Study end points were OS and BCSS at 5, 8, and 10 years, where OS is defined as time from breast cancer diagnosis to death from any cause, and BCSS as time to death from breast cancer (deaths from other causes were censored at the time of last follow-up). The cohort includes data from 2827, 1843, and 597 patients with key prognostic information needed for the analyses for OS at 5, 8, and 10 years, respectively. Cause of death was missing for 5 patients leaving 2822, 1841, and 595 patients for analyses for BCSS, respectively.

Predicted OS and BCSS were calculated for each patient using PREDICT by investigators blinded to actual patient outcomes. Age at diagnosis, tumour size, and number of positive lymph nodes were entered as continuous variables. Categorical variables were used for presentation (screen-detected, symptomatic, or unknown), histological grade (1, 2, 3, or unknown), ER status (negative (ER−) or positive (ER+)), HER2 (negative (HER2−), positive (HER2+), or unknown), and chemotherapy regimen (second generation or third generation).

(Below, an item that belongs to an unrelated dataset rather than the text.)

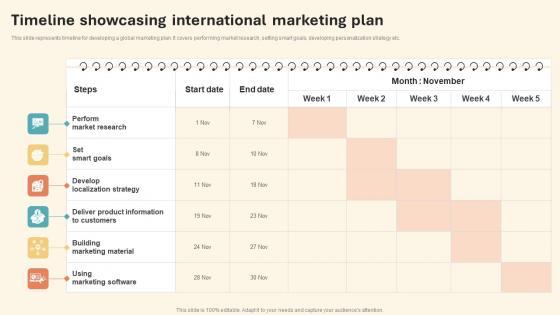This slide represents timeline for developing a global marketing plan. It covers performing market research, setting smart goals, developing personalization strategy etc.There are so many reasons you need a Timeline Showcasing International Marketing International Marketing Strategy Template Pdf. The first reason is you can not spend time making everything from scratch, Thus, Slidegeeks has made presentation templates for you too. You can easily download these templates from our website easily. This slide represents timeline for developing a global marketing plan. It covers performing market research, setting smart goals, developing personalization strategy etc.

Model calibration and discrimination

Using a similar approach to the methods applied in previous validations of PREDICT (Wishart et al, 2011, 2012), predicted OS and BCSS were compared with the corresponding observed OS and BCSS at 5, 8, and 10 years. Model calibration, a comparison between the predicted and observed mortality, was evaluated for the complete data set, by quartiles of the predicted mortality and also within strata (Wishart et al, 2012). As evidence suggests that existing prognostic tools do not perform well in Asian patients (Engelhardt et al, 2014), and black ethnicity was found to be an independent risk factor for reduced survival in younger women (Copson et al, 2013b), model calibration was also evaluated across ethnic groups. Goodness-of-fit tests were performed using χ2 tests based on the number of predicted and observed events (4 d.f.). Model discrimination was assessed by calculating the area under the receiver-operator characteristic curve (AUC) and corresponding 95% confidence intervals for 5-, 8-, and 10-year predicted all-cause mortality and breast cancer-specific mortality. The AUC is the probability that the predicted mortality of a randomly selected patient who died is higher than that of a randomly selected patient who survived; the higher the AUC, the better the model is at identifying patients with a worse survival (Wishart et al, 2012).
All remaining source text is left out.